(v.) To move from a lower position to a higher; to ascend; to mount up. Specifically: -- (a) To go upward by walking, climbing, flying, or any other voluntary motion; as, a bird rises in the air; a fish rises to the bait.
(v.) To ascend or float in a fluid, as gases or vapors in air, cork in water, and the like.
(v.) To move upward under the influence of a projecting force; as, a bullet rises in the air.
(v.) To grow upward; to attain a certain height; as, this elm rises to the height of seventy feet.
(v.) To reach a higher level by increase of quantity or bulk; to swell; as, a river rises in its bed; the mercury rises in the thermometer.
(v.) To become erect; to assume an upright position; as, to rise from a chair or from a fall.
(v.) To leave one's bed; to arise; as, to rise early.
(v.) To tower up; to be heaved up; as, the Alps rise far above the sea.
(v.) To slope upward; as, a path, a line, or surface rises in this direction.
(v.) To retire; to give up a siege.
(v.) To swell or puff up in the process of fermentation; to become light, as dough, and the like.
(v.) To have the aspect or the effect of rising.
(v.) To appear above the horizont, as the sun, moon, stars, and the like.
(v.) To become apparent; to emerge into sight; to come forth; to appear; as, an eruption rises on the skin; the land rises to view to one sailing toward the shore.
(v.) To become perceptible to other senses than sight; as, a noise rose on the air; odor rises from the flower.
(v.) To have a beginning; to proceed; to originate; as, rivers rise in lakes or springs.
(v.) To increase in size, force, or value; to proceed toward a climax.

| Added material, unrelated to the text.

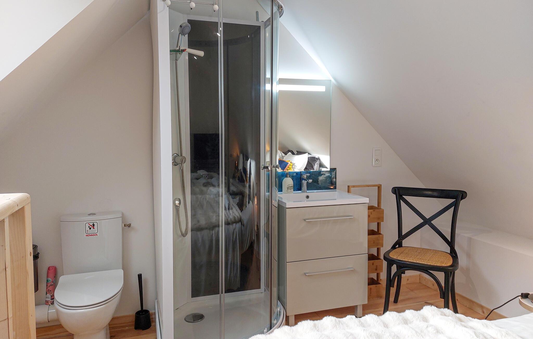 Det charmerende stenhus er opført i en klassisk, bretonsk stil og ligger tæt på stranden. Indretningen fremtræder både moderne og komfortabelt og egner sig helt ideelt til en vidunderlig ferie for to. Lav jeres livretter i det veludstyrede køkken, inden I finder jer godt til rette i sofaen og lægger planer for den kommende dag.

(v.) To increase in power or fury; -- said of wind or a storm, and hence, of passion.
(v.) To become of higher value; to increase in price.
(v.) To become larger; to swell; -- said of a boil, tumor, and the like.
(v.) To increase in intensity; -- said of heat.
(v.) To become louder, or higher in pitch, as the voice.
(v.) To increase in amount; to enlarge; as, his expenses rose beyond his expectations.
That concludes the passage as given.